She suddenly looked like a cat with a mouse between her paws. "That's convenient for me. The Queen said she would have a guardsman accompany me on my journey home. I'll take you." It was a challenge flung down.

"I am not free to go, my lady." It sounded like an excuse and I hastily added, "I take over your duties, as you have guessed. I act as go-between for Lord Chade, Prince Dutiful, and our gracious queen."

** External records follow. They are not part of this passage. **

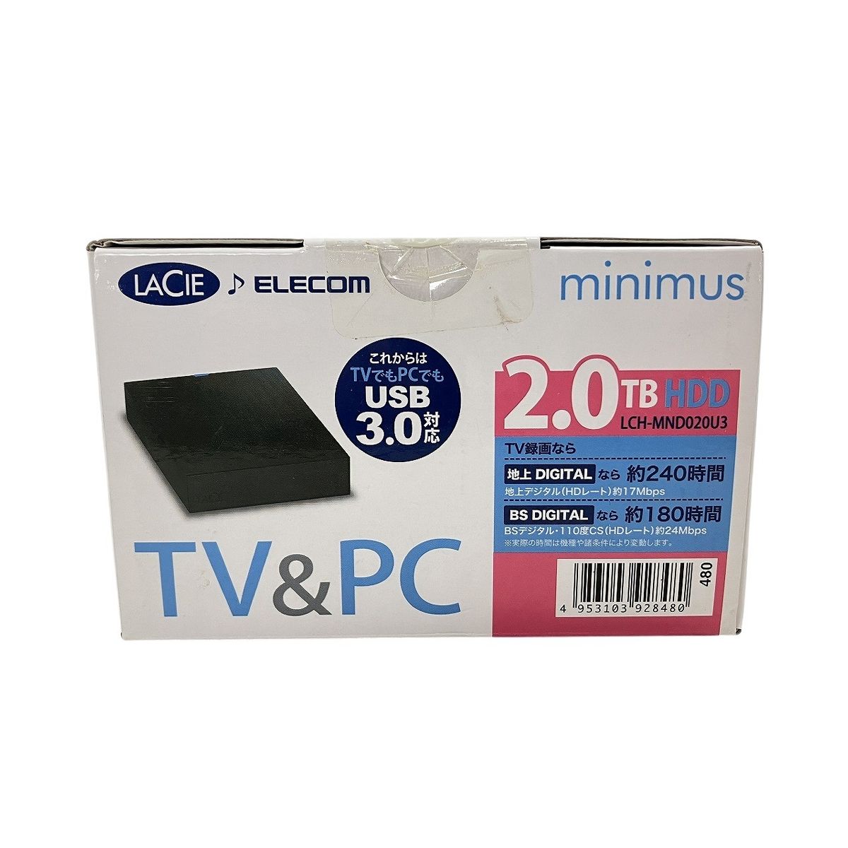 こちらは「LaCie ELECOM minimus TV&PC 2TB 外付けHDD 未使用 」でございます。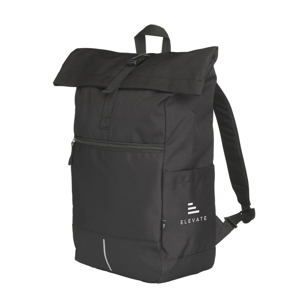 Praktische, stevige en waterafstotende urban ‘roll-top’ rugzak van RPET Polyester. De rugzak...meer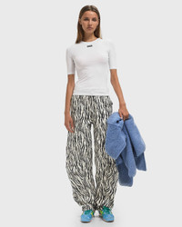 The ROTATE Birger Christensen Printed Twill Cargo Pants combine utility chic with a modern animal print. These trousers have a mid-rise waistband with belt loops and a button fastening at the front. The legs have a straight cut and the hems are neatly finished. Classic pockets complete the design. - Button and zipper fastening - Belt loops - Pockets at the front and back This item is partly made of certified, recycled and sustainable materials, reducing the global amount of waste and conserving primary raw materials. Discover a wide range of sustainable items now at BSTN! Article Number: 114339858 Gender: Women Color: EGRET COMB. Material: 100% Cotton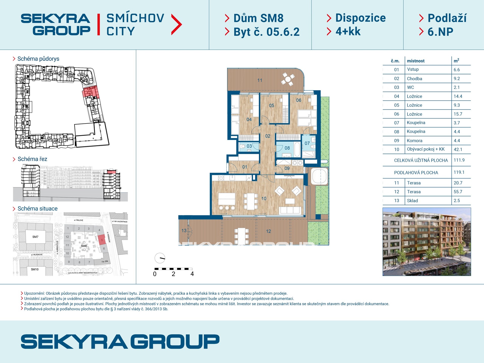 Prodej bytu 4+kk, 119,1 m², terasa 78,9 m², Smíchov City, blok SM8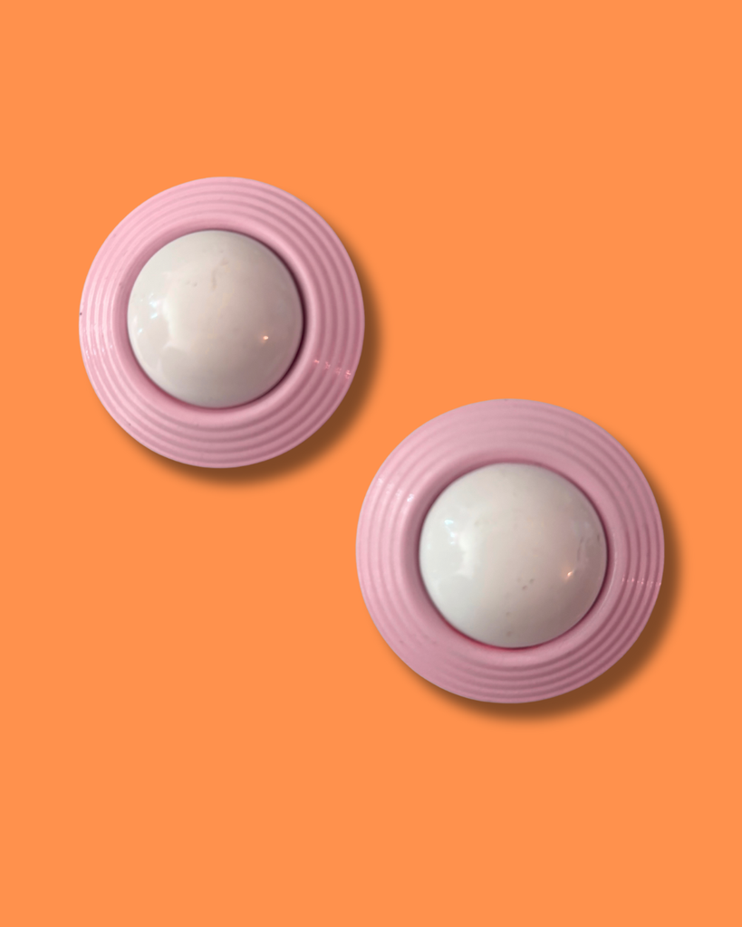 These 80's post earrings have a statement feel with their large size, pink ribbed outer layer. They remind us of art deco home lighting, designer a...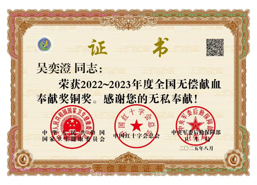 热血奉献,彰显担当。吴奕澄已经12次献血4800毫升,荣获了2022-2023年度全国无偿献血奉献奖铜奖。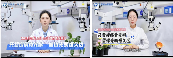 眼科彭洁医生及护士郭晶晶精心准备并录制了青光眼科普视频,旨在宣传青光眼,让更多的人了解青光眼及相关护理知识。视频在医院官方公众号及院内视频栏滚动播放,取得了良好的宣传效果。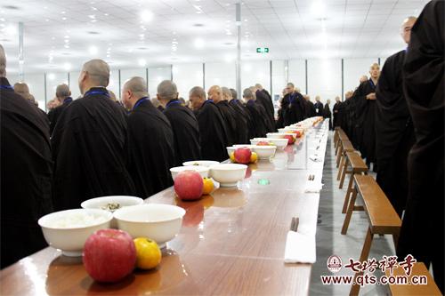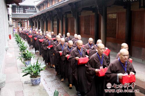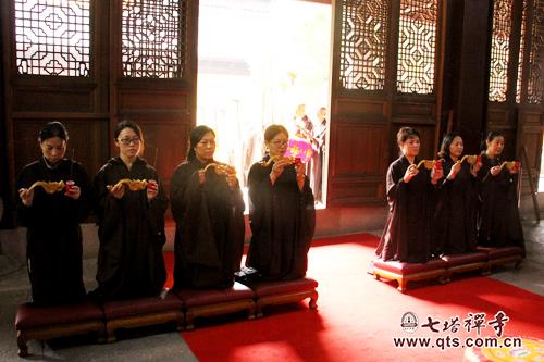 是日上堂大斋法会由胡世意等居士供养新戒菩萨及七塔禅寺全体常住法师,众新戒弟子依次排班,齐集三圣殿,斋会由开堂大初律师主持并上堂说法。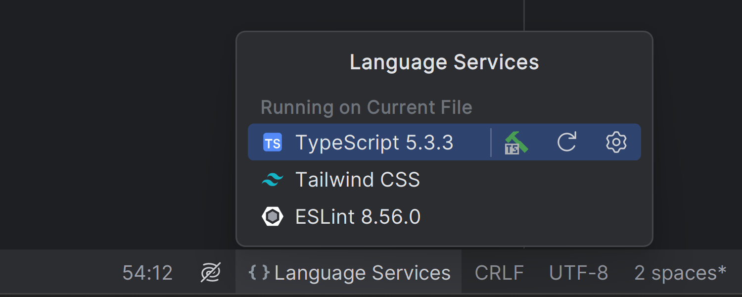 您将在状态栏上找到新的 Language Services(语言服务)微件,它可以提供对当前文件和项目的有效语言服务的洞察。 您可以直接从此微件重新启动服务或导航至其设置。
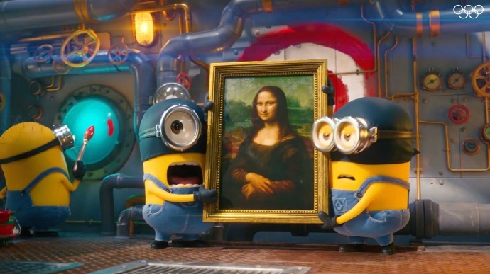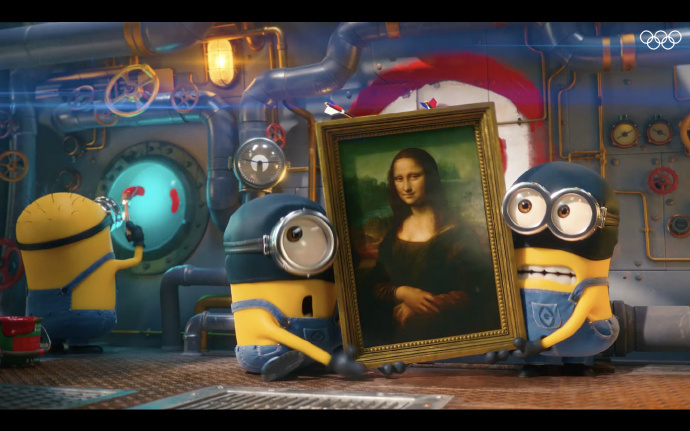 巴黎奥运会开幕式短片,小黄人化身呆萌奥运会运动员,还顺便找到了“蒙娜丽莎的微笑”。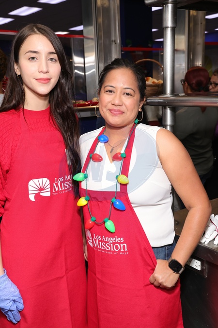 Caylee Cowan and Ysabel Jurado take part in the Los Angeles Mission's Annual Thanksgiving Outreach on Skid Row, Los Angeles, USA, 19 December 2025., Credit:Faye Sadou / Avalon

"Surely Thick could do that."

"His magic is strong, but he has his limits, my lady."

"My lady!" she muttered disdainfully. "And what shall I call you, then? Lord Wolf?" She shook her head, exasperated with me. "I know you are telling me the truth. Worse luck for me." Her shoulders slumped suddenly, and her youth and grief were more apparent. "It is not an easy tale I bring home to my mother and brothers. But they deserve to know the manner of our father's death. And that Swift did not abandon him." Without thinking, she lifted her hands and ran them through her shortened hair until it stood up in spires and peaks all over her head. "This magic of the Skill has not been an easy burden for me. It has s.n.a.t.c.hed me from my home, and kept me here when my mother needs me most." Turning to me accusingly, she demanded, "Why did you choose me, of all people, to give this magic to?"

It shocked me. "I didn't. I didn't choose you. You had it, you were born with the magic. And, for some reason, we connected. I didn't even realize you were there, watching my life, for a very long time."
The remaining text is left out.